旭川ではいま、中心街市街地の活性化を目指して「北彩都」計画が進められている。JR線の高架・駅舎の整備が行われているもので、旭川の表玄関が大きく変わろうとしている。1期目の任期満了まで残すところ1年余りとなった西川将人市長を直撃した。

北彩都エリアに市営住宅建設構想

――丸井今井旭川店が閉店になりました。中心街商店街を代表する店舗でしたし、職を失った従業員の方も多いと思います。大変ショックな出来事でしたね。

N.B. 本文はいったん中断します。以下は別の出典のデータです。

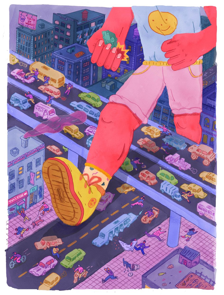 With a focus on tactile, textural qualities, David's illustrations are instantly recognisable thanks to his striking use of colour and unique eye for detail. A huge influence on this look is the work of Josh Cochran, who David studied at school. "I still follow his artistic path today," he adds. "His work grew and evolved a lot, and no matter where he is in his path, I admire that he seems to always be exploring mediums, colour palettes, and mark making."

西川 丸井今井は112年間、旭川で営業し、商店街の顔として、まちとともに歩んできました。閉店を回避するため、私どもも最大限の努力はしてまいりましたが、このような結果になってしまいました。それだけに非常に寂しい残念な思いでいっぱいです。
その中でちょうどいま、北彩都の事業が進行しています。来年度、JRが高架となり、駅舎が一部開業します。再来年秋ころには駅舎が本格的オープンとなります。このことが、また中心街のにぎわいを取り戻す起爆剤になると考えています。
――買物公園の再生は市長が就任以来ずっと力を入れてきた。しかし、シャッターが閉まっている店舗やどこの商店街にでもあるような店舗が増えたような気がします。なんだか月並みな通りになったなという感想も抱くのですが…
西川 やはり旭川にしかない商店街をつくっていくということが、魅力、競争力アップにつながります。店舗の形態や業種、置いてある商品も非常に大事な要素だと思います。  市ではこれからもいろいろな面で支援、バックアップをしていきたいと考えていますし、一方では例えば駐輪場や駐車場の問題など、ハード面も課題としてあります。これらについては北彩都の事業計画の中で使い勝手のいいものにしていくつもりです。
i2   ――そこでお聞きしたいのが、北彩都の事業計画の中身です。
西川 ぜひとも全道の方に知っていただきたいと思いますが、1つはJR線が高架になり、駅舎がリニューアルされます。全面ガラス張りで天井の採光も良くなりますので、非常に明るい駅になります。
ちょうど裏には忠別川があり、自然に恵まれた景色が一望できます。天気のいいときは大雪山連峰も望めます。一方、前面には買物公園が広がります。  駅前広場もいまの2・6倍のスペースに広がります。バス停も極力この中に集約していきたいと考えています。駐車場、タクシー乗り場も含めて整備します。 いま、駅前には自転車がいっぱい置いてありますが、駐輪場も整備しようと考えています。駅前広場でいままで以上にいろんなイベントができるように、頑張っ ていきます。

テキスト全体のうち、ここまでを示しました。